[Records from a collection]
--- START ---

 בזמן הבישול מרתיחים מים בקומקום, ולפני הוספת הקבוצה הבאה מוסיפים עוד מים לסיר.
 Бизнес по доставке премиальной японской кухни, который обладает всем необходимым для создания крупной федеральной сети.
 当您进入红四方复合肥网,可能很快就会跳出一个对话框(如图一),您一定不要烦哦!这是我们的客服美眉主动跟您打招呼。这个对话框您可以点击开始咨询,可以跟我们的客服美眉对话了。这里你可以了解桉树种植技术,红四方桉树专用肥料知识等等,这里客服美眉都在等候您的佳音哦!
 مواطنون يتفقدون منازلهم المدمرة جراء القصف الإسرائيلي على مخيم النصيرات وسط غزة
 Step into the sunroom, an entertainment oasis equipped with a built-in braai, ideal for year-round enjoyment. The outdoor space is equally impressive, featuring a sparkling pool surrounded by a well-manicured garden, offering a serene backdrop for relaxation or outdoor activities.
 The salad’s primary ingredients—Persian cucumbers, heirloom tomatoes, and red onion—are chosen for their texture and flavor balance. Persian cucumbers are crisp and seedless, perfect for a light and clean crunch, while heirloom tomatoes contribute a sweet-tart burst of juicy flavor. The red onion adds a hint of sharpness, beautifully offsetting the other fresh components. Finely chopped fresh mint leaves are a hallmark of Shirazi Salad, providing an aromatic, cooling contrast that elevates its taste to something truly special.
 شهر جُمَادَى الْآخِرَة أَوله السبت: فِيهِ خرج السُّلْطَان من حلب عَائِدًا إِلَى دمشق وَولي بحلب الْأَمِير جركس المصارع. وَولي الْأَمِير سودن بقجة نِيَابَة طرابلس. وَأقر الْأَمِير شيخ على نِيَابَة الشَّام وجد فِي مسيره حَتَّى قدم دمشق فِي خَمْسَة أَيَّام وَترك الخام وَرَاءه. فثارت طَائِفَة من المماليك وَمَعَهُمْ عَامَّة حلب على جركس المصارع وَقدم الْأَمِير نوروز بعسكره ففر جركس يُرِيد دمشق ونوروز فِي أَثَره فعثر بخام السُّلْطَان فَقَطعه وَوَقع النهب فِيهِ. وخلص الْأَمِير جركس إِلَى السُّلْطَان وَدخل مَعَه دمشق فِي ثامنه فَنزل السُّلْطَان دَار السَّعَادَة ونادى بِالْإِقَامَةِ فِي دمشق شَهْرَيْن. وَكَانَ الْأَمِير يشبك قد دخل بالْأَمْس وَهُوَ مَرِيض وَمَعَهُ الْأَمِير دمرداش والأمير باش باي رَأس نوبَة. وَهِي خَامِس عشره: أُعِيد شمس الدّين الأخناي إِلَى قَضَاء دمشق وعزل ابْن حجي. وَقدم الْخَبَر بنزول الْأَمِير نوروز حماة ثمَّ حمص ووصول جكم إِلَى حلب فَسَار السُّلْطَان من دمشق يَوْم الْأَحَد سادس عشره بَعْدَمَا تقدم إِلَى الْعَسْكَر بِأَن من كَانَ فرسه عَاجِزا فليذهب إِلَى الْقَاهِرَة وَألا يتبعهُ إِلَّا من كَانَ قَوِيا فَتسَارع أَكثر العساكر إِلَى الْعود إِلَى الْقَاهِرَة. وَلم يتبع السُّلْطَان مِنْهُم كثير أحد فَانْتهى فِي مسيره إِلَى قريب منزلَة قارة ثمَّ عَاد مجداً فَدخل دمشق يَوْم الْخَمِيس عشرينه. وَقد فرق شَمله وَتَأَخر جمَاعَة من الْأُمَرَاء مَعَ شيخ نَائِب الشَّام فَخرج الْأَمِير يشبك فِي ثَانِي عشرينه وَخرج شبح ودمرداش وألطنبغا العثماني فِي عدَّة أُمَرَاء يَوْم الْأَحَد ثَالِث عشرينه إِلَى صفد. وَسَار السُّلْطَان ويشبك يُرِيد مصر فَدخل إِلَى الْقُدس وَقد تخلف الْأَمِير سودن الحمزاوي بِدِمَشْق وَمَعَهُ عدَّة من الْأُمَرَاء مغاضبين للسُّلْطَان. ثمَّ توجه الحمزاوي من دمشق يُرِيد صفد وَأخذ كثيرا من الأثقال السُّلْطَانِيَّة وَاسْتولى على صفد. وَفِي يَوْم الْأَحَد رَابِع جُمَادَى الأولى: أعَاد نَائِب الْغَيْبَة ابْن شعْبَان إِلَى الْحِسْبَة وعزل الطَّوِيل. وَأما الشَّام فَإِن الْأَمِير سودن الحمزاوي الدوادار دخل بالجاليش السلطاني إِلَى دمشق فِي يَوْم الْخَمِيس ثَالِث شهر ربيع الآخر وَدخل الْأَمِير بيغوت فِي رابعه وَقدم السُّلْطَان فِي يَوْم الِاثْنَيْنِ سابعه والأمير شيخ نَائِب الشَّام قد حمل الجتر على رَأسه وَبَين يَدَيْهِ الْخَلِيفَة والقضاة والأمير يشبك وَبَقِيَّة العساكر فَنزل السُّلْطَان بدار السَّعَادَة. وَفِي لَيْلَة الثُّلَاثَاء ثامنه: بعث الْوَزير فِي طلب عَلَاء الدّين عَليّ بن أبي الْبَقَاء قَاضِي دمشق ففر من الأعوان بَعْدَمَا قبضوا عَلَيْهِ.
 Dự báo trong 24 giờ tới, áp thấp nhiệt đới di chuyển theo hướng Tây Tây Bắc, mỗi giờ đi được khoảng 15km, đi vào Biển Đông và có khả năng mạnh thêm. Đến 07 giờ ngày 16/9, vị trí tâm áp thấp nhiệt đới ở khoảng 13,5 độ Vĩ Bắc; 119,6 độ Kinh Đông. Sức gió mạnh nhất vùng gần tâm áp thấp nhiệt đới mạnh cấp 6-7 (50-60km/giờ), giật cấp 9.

--- END ---

§ **Work to be completed**
Exact reproduction is required: output the lines from the start of the entries above through the line with "The salad’s primary".

§ **Result of this exercise**
 בזמן הבישול מרתיחים מים בקומקום, ולפני הוספת הקבוצה הבאה מוסיפים עוד מים לסיר.
 Бизнес по доставке премиальной японской кухни, который обладает всем необходимым для создания крупной федеральной сети.
 当您进入红四方复合肥网,可能很快就会跳出一个对话框(如图一),您一定不要烦哦!这是我们的客服美眉主动跟您打招呼。这个对话框您可以点击开始咨询,可以跟我们的客服美眉对话了。这里你可以了解桉树种植技术,红四方桉树专用肥料知识等等,这里客服美眉都在等候您的佳音哦!
 مواطنون يتفقدون منازلهم المدمرة جراء القصف الإسرائيلي على مخيم النصيرات وسط غزة
 Step into the sunroom, an entertainment oasis equipped with a built-in braai, ideal for year-round enjoyment. The outdoor space is equally impressive, featuring a sparkling pool surrounded by a well-manicured garden, offering a serene backdrop for relaxation or outdoor activities.
 The salad’s primary ingredients—Persian cucumbers, heirloom tomatoes, and red onion—are chosen for their texture and flavor balance. Persian cucumbers are crisp and seedless, perfect for a light and clean crunch, while heirloom tomatoes contribute a sweet-tart burst of juicy flavor. The red onion adds a hint of sharpness, beautifully offsetting the other fresh components. Finely chopped fresh mint leaves are a hallmark of Shirazi Salad, providing an aromatic, cooling contrast that elevates its taste to something truly special.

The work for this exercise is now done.